Today, it is suggested to go short on USD just before 155.80, with a stop loss at 156.00, and targets at 154.80 and 154.70.

 

 

EURUSD

 

The EUR/USD has retreated to multi-day lows and has touched the 1.0840 area again amid renewed buying interest in the dollar ahead of key data releases later this week. Yesterday, the EUR/USD's modest rise was enough to partially offset the significant declines from the previous two trading days, although a convincing breakthrough of the 1.0900 barrier remains challenging. During the early Asian session on Monday, the EUR/USD briefly rose to just above 1.09. The dollar's decline provided some support for the currency pair. Rising bets on a Federal Reserve rate cut in September and vulnerabilities in the U.S. labor market exerted some selling pressure on the dollar.
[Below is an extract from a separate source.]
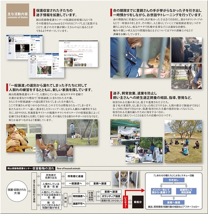 私は、そのような殺処分される愛玩動物を減らすことを目的とし、平成26年2月から個人ボランティアとしての活動を開始しました。以来、殺処分になるはずの動物を引取って人に馴れさせると同時に、里親となってくれる飼い主を探し結びつけるという活動を行ってきました。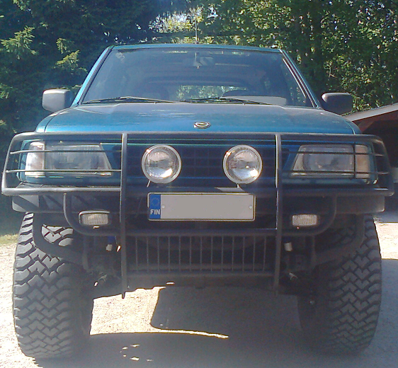 -92 Frontera "Antero"Kaipa tämäkin rysä jo oman projektikertomuksensa ansaitsisi. Autohan on Opel Frontera 1992 2.0 lyhyt malli, eli Sport. Maastureista jo nappulasta saakka haaveilleena, tilanne kulminoitui muutama vuosi sitten niin pahaksi, että oma laite oli saatava. Asiaa sen enempää tutkimatta, löysin nettiautosta halvalla tämän yksilön ja se oli saatava. Isän kanssa lähdettii ko. kikkaraa katsomaan Lahteen ja mukaan se sieltä tarttui. Offipalstaa olin jo lueskellu useammat vuodet ja heti hankintakesänä piti alle saada korinkorotus ja palkkihelmat. Palkkihelmoihin hain 80x120x4 palkkia tarpeeksi, rälläköin vanhat helmat mäkeen ja uudet tilalle, ainakin käytännössä, onneksi aika kultaa muistot. Gegguli86:lta tilasin 65mm korinkorotuspalikat ja kesälomalla ne piti laittaa alle. Netistä luin vielä et homma on ihan Bolt-on, niinku kaikki aina. No koko neljä viikkoa hurahti siihen. Pisin aika meni sopivia pultteja tilaillessa ja niitä odotellessa, jäähdyttimelle tein uudet kiinnikkeet ja vaihdekepin aukkoa piti suurennella, korkanneita kierteitä piti korjailla yms. pientä. Tämän projektin jälkeen vannoin, etten vastaavaan ala enää koskaan. Seuraavaksi ostin uudet vanteet 15"x8" -20et:llä ja niille palstalta 33x12,5 Hankook dynaprot. Tällä setupilla ajeltiin seuraavaan kesään, jolloin taakse laitettiin ainakin pidemmät riiput ja ties mitä. Korkeammalle piti kuitenkin päästä, joten alkoi nettimetsästys korotusjousisarjalle, joka löytyikin Calminilta. 3" korottava setti tilattiin Maastoautotarvikkeen kautta kotiovelle ja asennukset piti taas netin mukaan olla bolt-on, no sen vuoden kesäloma hujahti sitä laittaessa ja lomarahat paloi siihen. Setissä tuli lisälehtiä taakse ja eteen uudet vääntösauvat, kaikki iskarit ja pitkät riiput, sekä ylätukivarret. Asennuksen jälkeen pyöränkulmat olivat perseellään ja auto kuin kivireki, ei tietoja joustoista. Etupäähän piti tehdä säätölevyt, että kulmat sai järkeviksi ja etupäätä piti pudottaa hiukan alaspäin, että vetonivelten kulmat eivät olisi niin hurjat. Leimalla inssi sanoi että renkaiden kulutuspinta tulee ulos kaarista, asialle tarvii tehdä jotain. Maastoautotarvikkeesta tilasin levikekumia ja laitoin paikalleen, tämän jälkeen -20et vanteet jättivät renkaat liian syvälle kaareen, joten tilaukseen lähti 10" leveät -44 et:llä. Hetken kestin jyrryyttää autolla, jonka jälkeen päähän pesiytyi ajatus SOA:sta, jotta alustasta saisi pehmeämmän ja aikansa päässä muhittuaan, ajatus muuttui toteutukseksi. Sen enempää soa-ohjeita lukematta aloin töihin. Pakoille uudet pedit akselin yläpuolelle ja Calminin sarjan lisäjouset pois välistä, uudet kiinnikkeet iskareille, niin etteivät vastusta joustoja. No kardaanihan siinä jäi hiukan liian lyhyeksi ja taitaa maksimijoustoissa tulla aika huulille, jossain kohtaa pitäisi paneutua sen laittamiseen. Manuaaliset napalukot tilasin Summitilta ja kerrankin olivat oikeasti bolt-on. Vuodenvaihteen jälkeen tilasin MakeO:lta vinssin keulalle ja sille on nyt viimeiset viikot tehty pesää puskurin taakse. 1. kuva: palkkihelmat ja korinkorotus. 2. ja 3. kuva: Calminin korotussarja paikallaan. 4. kuva: SOA tekeillä ja remonttipaikka jossa taivas kattona. 5. kuva: SOA tehtynä, työpaikan pihalla, verrokkina lyhyt Pajero. Seuraavaan postiin lisää vinssin laitosta, tämä paremmin dokumentoituna, kiitos uuden puhelimen, jossa parempi kamera.

John Williams, President of the New York Fed, stated on Friday that rate cuts might be needed in the coming months, but not at the July policy meeting. On the euro side, the European Central Bank decided to keep rates unchanged, in line with market expectations. ECB President Christine Lagarde did not commit to a predetermined path for rate cuts, and the ECB still needs to maintain high interest rates. The ECB’s data-dependent approach may support the euro in the short term.

 

From a short-term perspective, the EUR/USD briefly fell below 1.0900 and is now testing support formed by the 38.2% retracement of the rally from the oscillation low of 1.0666 to the high of 1.0948 at 1.0840, and the 17-day moving average at 1.0839. The 14-day Relative Strength Index (RSI) is around 53.50, indicating that while buyers still hold control, the currency pair might encounter resistance near 1.0948 (last week's high). The next resistance level is at 1.10 (psychological market threshold). A clear break below 1.0840 - 1.0839 could open the door for further declines, potentially testing the 1.0800 (psychological market threshold) in the coming days.

 

Today, it is suggested to go long on the EUR/USD just before 1.0835, with a stop loss at 1.0820, and targets at 1.0885 and 1.0890.